(Data entries)
########################################
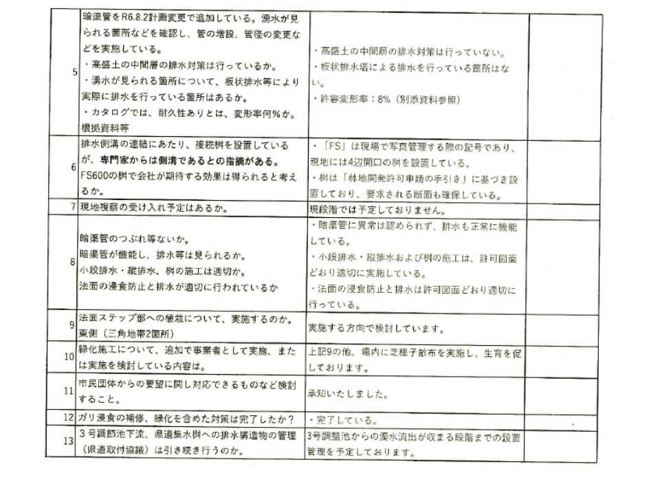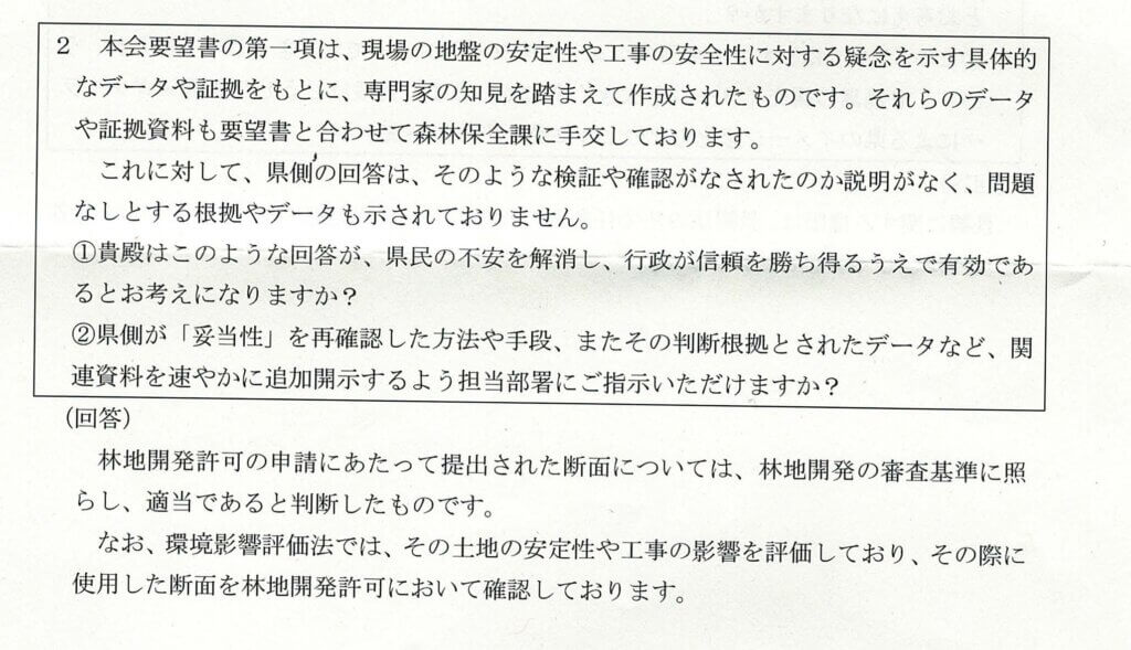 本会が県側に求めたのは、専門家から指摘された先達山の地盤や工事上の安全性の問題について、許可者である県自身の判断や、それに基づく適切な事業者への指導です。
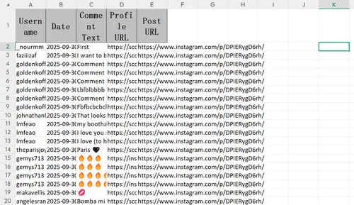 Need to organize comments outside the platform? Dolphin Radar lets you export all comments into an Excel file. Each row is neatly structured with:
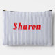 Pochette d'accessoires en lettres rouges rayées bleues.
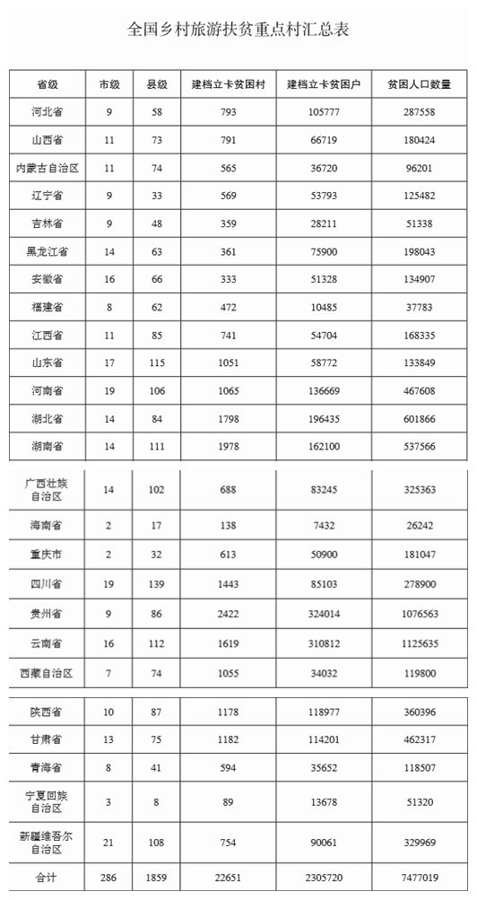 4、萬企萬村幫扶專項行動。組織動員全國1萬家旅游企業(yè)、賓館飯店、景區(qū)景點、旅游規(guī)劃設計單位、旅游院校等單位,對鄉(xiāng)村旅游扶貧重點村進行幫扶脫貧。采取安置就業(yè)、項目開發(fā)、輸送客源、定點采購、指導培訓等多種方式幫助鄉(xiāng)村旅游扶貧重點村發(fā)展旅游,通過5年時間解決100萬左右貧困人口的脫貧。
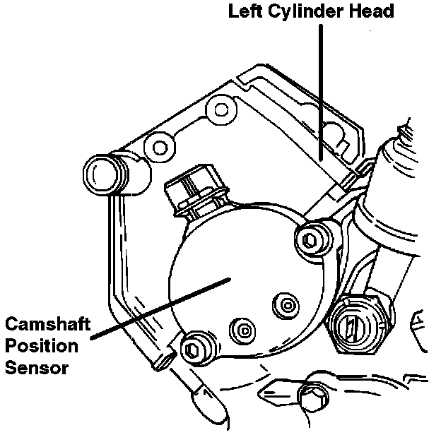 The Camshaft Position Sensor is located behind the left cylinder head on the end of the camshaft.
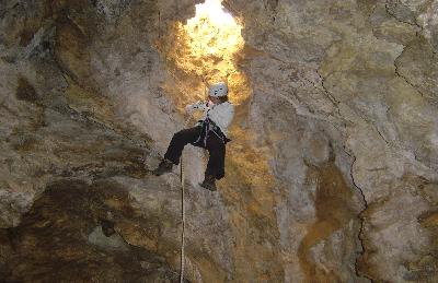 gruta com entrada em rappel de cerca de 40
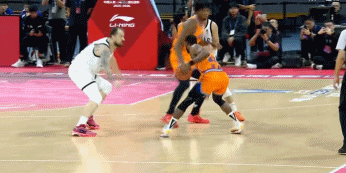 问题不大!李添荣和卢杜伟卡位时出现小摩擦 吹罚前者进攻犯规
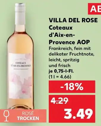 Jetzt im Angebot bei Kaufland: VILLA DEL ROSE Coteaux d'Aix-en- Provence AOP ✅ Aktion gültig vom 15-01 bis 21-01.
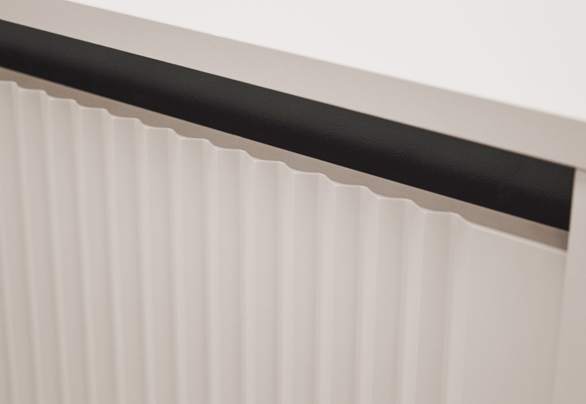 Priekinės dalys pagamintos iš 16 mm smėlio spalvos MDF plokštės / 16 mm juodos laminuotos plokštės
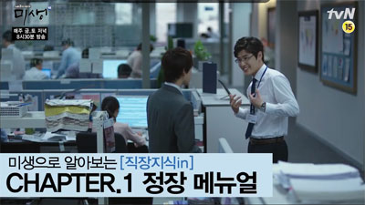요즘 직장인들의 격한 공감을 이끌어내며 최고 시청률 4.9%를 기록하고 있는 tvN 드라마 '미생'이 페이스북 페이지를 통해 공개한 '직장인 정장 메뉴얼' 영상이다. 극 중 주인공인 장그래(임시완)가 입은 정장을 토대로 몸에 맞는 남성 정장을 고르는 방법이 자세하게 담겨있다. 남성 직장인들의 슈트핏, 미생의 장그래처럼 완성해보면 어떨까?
########################################
PROBLEM TO WORK ON – The result should be a precise copy of all the entries, free of pictures.

TASK ANSWER –
 本会が県側に求めたのは、専門家から指摘された先達山の地盤や工事上の安全性の問題について、許可者である県自身の判断や、それに基づく適切な事業者への指導です。
 Need to organize comments outside the platform? Dolphin Radar lets you export all comments into an Excel file. Each row is neatly structured with:
 Pochette d'accessoires en lettres rouges rayées bleues.
 4、萬企萬村幫扶專項行動。組織動員全國1萬家旅游企業(yè)、賓館飯店、景區(qū)景點、旅游規(guī)劃設計單位、旅游院校等單位,對鄉(xiāng)村旅游扶貧重點村進行幫扶脫貧。采取安置就業(yè)、項目開發(fā)、輸送客源、定點采購、指導培訓等多種方式幫助鄉(xiāng)村旅游扶貧重點村發(fā)展旅游,通過5年時間解決100萬左右貧困人口的脫貧。
 The Camshaft Position Sensor is located behind the left cylinder head on the end of the camshaft.
 gruta com entrada em rappel de cerca de 40
 问题不大!李添荣和卢杜伟卡位时出现小摩擦 吹罚前者进攻犯规
 Jetzt im Angebot bei Kaufland: VILLA DEL ROSE Coteaux d'Aix-en- Provence AOP ✅ Aktion gültig vom 15-01 bis 21-01.
 Priekinės dalys pagamintos iš 16 mm smėlio spalvos MDF plokštės / 16 mm juodos laminuotos plokštės
요즘 직장인들의 격한 공감을 이끌어내며 최고 시청률 4.9%를 기록하고 있는 tvN 드라마 '미생'이 페이스북 페이지를 통해 공개한 '직장인 정장 메뉴얼' 영상이다. 극 중 주인공인 장그래(임시완)가 입은 정장을 토대로 몸에 맞는 남성 정장을 고르는 방법이 자세하게 담겨있다. 남성 직장인들의 슈트핏, 미생의 장그래처럼 완성해보면 어떨까?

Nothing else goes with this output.